The Love of Liberty triumphs in this Town over all other Considerations, every thing for the common Defence is pursued with immense Ardor every Danger is despised and every Difficulty surmounted and at the same time they are thus attentive to the general Interest of America. They are taking more effectual Measures for their own immediate Safety; Batteries on each Side of the River are opened in such advantageous Situations as will easily destroy any Ships which may attempt to come near the Town. Make my Compliments to Mr. and Mrs. Beach and such of my Acquaintance as may ask after Me. I am Dear Sir Your most affectionate Friend and humble Servant
Addressed: To / Dr. Benjamin Franklin / Postmaster General / in / Philadelphia
Stamped: FREE / N*YORK*AU:28
Endorsed: Govr Ward
8. Former governor of Rhode Island, one of its delegates to Congress, and an old friend; see above, V, 504 n.
9. The fleet was largely from Boston, on a raid to collect livestock (hence the transports), and created great alarm on the shores of the Sound; see Freeman, Washington, III, 506 n; Naval Docs., I, 1167. Capt. Sir James Wallace in H.M.S. Rose commanded a small flotilla, including Capt. James Ayscough’s Swan, that had for months been making life miserable for the inhabitants of Rhode Island by commandeering supplies, taking prisoners, and threatening to bombard towns; see ibid., passim, and David S. Lovejoy, Rhode Island Politics and the American Revolution. 1760–1776 (Brown University Studies, XXIII; Providence, R.I., 1958), pp. 185–7. The capture of the postrider, Benjamin Mumford, is discussed in Cooke to BF below, Aug. 15, 1775. Intercepting letters crossing the bay was a favorite British pastime. In early August Ayscough seized some that were on their way by private courier from Philadelphia to Massachusetts; Washington was alarmed because he thought they were to him and Charles Lee. Fitzpatrick, Writings of Washington, III, 398–9.
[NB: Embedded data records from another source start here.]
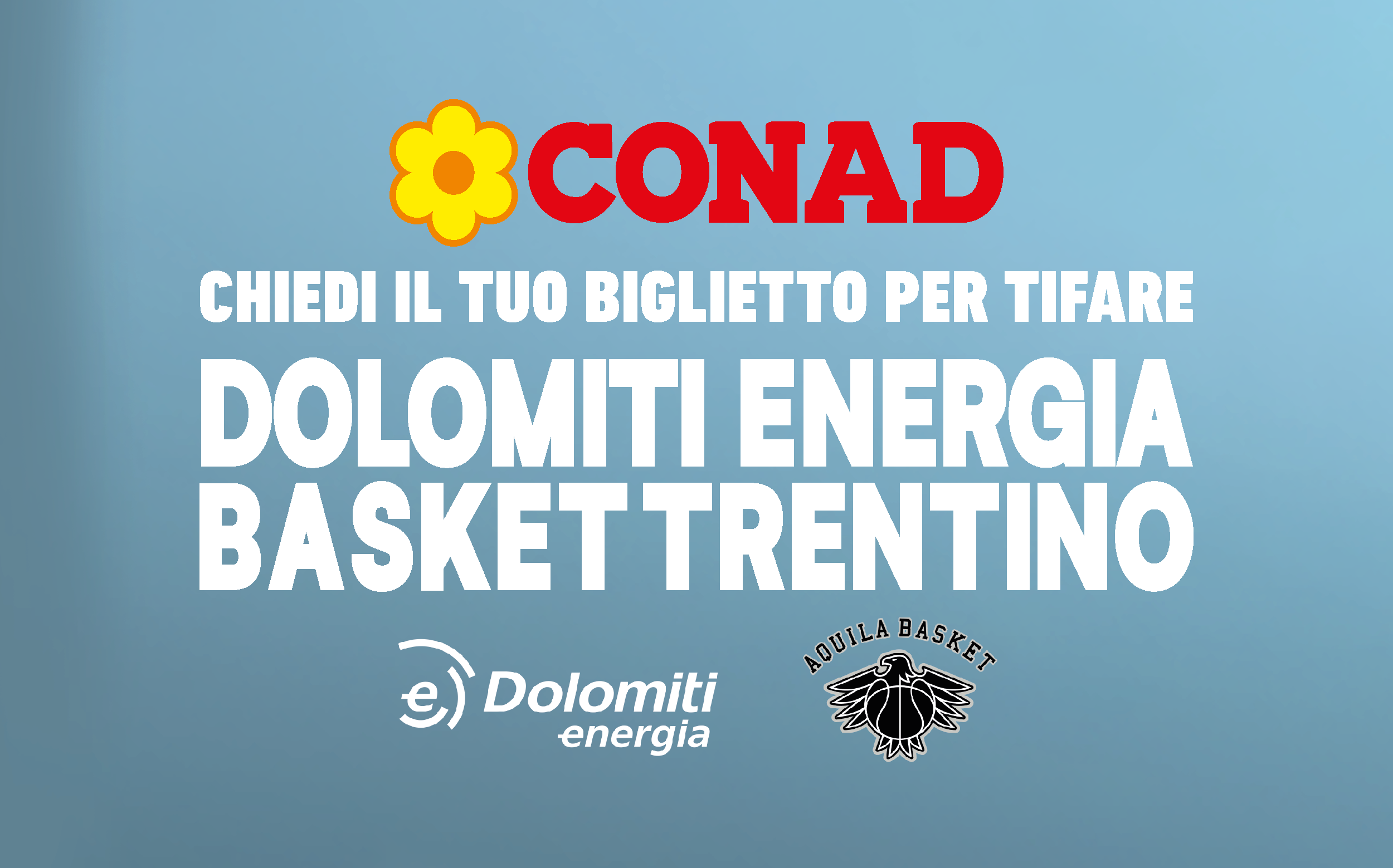 Dal 30 settembre 2025 fino al 10 maggio 2026, con una spesa di almeno 40€ nei punti vendita Conad del Trentino aderenti, potrai ricevere un coupon per l’acquisto di un biglietto di ingresso a una partita casalinga della Dolomiti Energia Basket Trentino, presso la BTS Arena, da utilizzare per le partite di LBA e EUROCUP.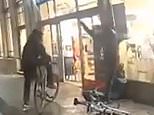 Dash camera footage shows the three thugs on bicycles approach the defenceless man sitting in a sleeping bag outside the shop.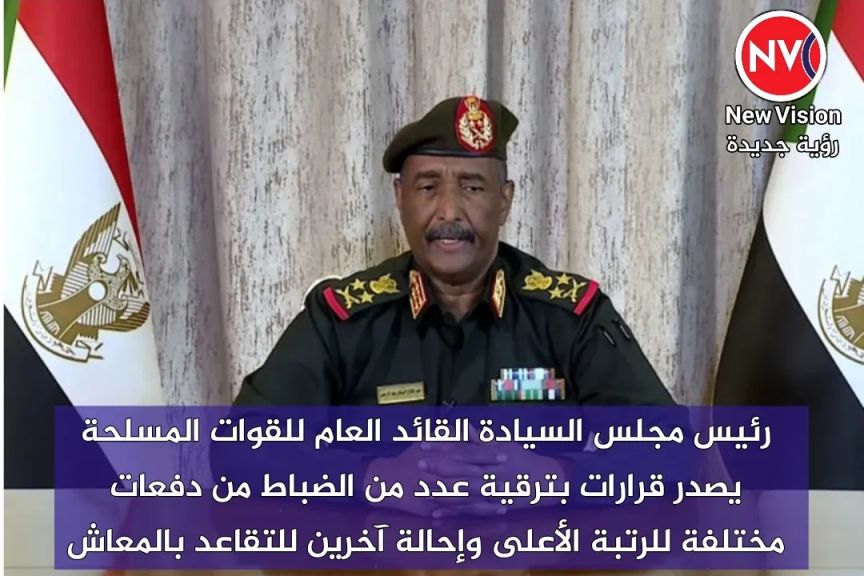 رئيس مجلس السيادة القائد العام للقوات المسلحة يصدر قرارات بترقية عدد من الضباط من دفعات مختلفة للرتبة الأعلى وإحالة آخرين للتقاعد بالمعاش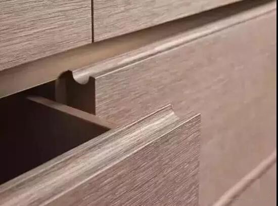 這兩種方式都是時下比較流行的做法,不需要安裝明裝拉手,只要將相應的五金配件裝在柜門的背面,采用按壓的方式自動開啟、關閉就可以了。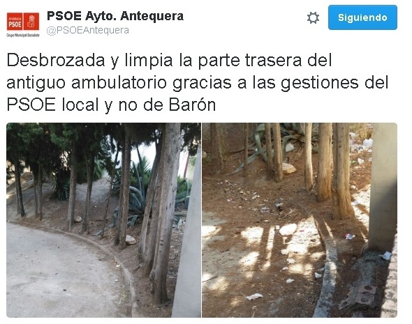 La limpieza en determinados puntos de Antequera continúa siendo objeto de polémica entre el Partido Popular y el PSOE. Así, si ayer el alcalde Manolo Barón, respondía a la críticas vertidas por los socialistas, sobre el estado de la ciudad o de zonas como el Polígono Industrial, este martes los populares lo han hecho tras una publicación en redes sociales del Grupo Municipal Socialista sobre el antiguo centro de salud.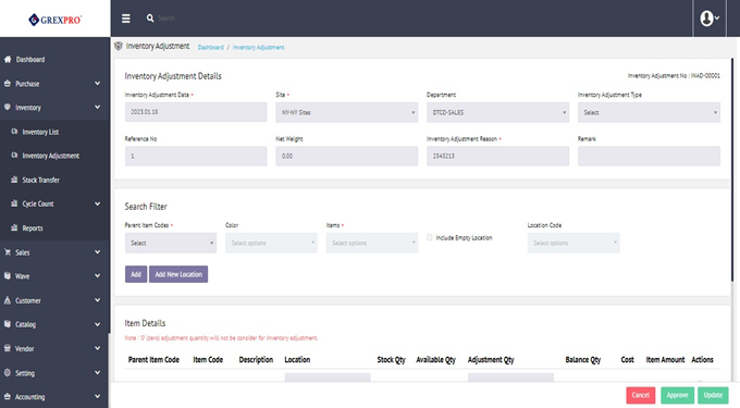 Secondly,Or, you can go on the edit page where you can see an the Approve button at the bottom-right corner of the screen. Click on the Approve button to approve the adjustment.

1. The Assembly had appointed Nathaniel Otis (1755–1817): John R. Bartlett, ed., Records of the Colony of Rhode Island . . . (10 vols., Providence, R.I., 1856–65), VII, 352. The young man, who was the son of Jonathan Otis (1723–91), nephew of Col. James Otis, and cousin of the more famous James, was a friend of Ezra Stiles and prominent in the local militia; the father moved at the end of June to Middletown, Conn., and Nathaniel accompanied him. Horatio N. Otis, A Genealogical and Historical Memoir of the Family of Otis . . . (Boston, ), pp. 8–9, 15; Cooke to BF below, Aug. 15, 1775. Solomon Southwick (1731–97) was a Newport merchant and printer: Isaiah Thomas, The History of Printing in America . . . (2 vols., Albany, N.Y., 1874), I, 196–201.
2. Nancy was his third child, Anna: Bernhard Knollenberg, Correspondence of Governor Samuel Ward . . . (Providence, R.I., 1952), pp. 101–2, 214–15. “Brother Greene” was Catherine’s husband William (above, V, 502 n); he and Ward had married sisters.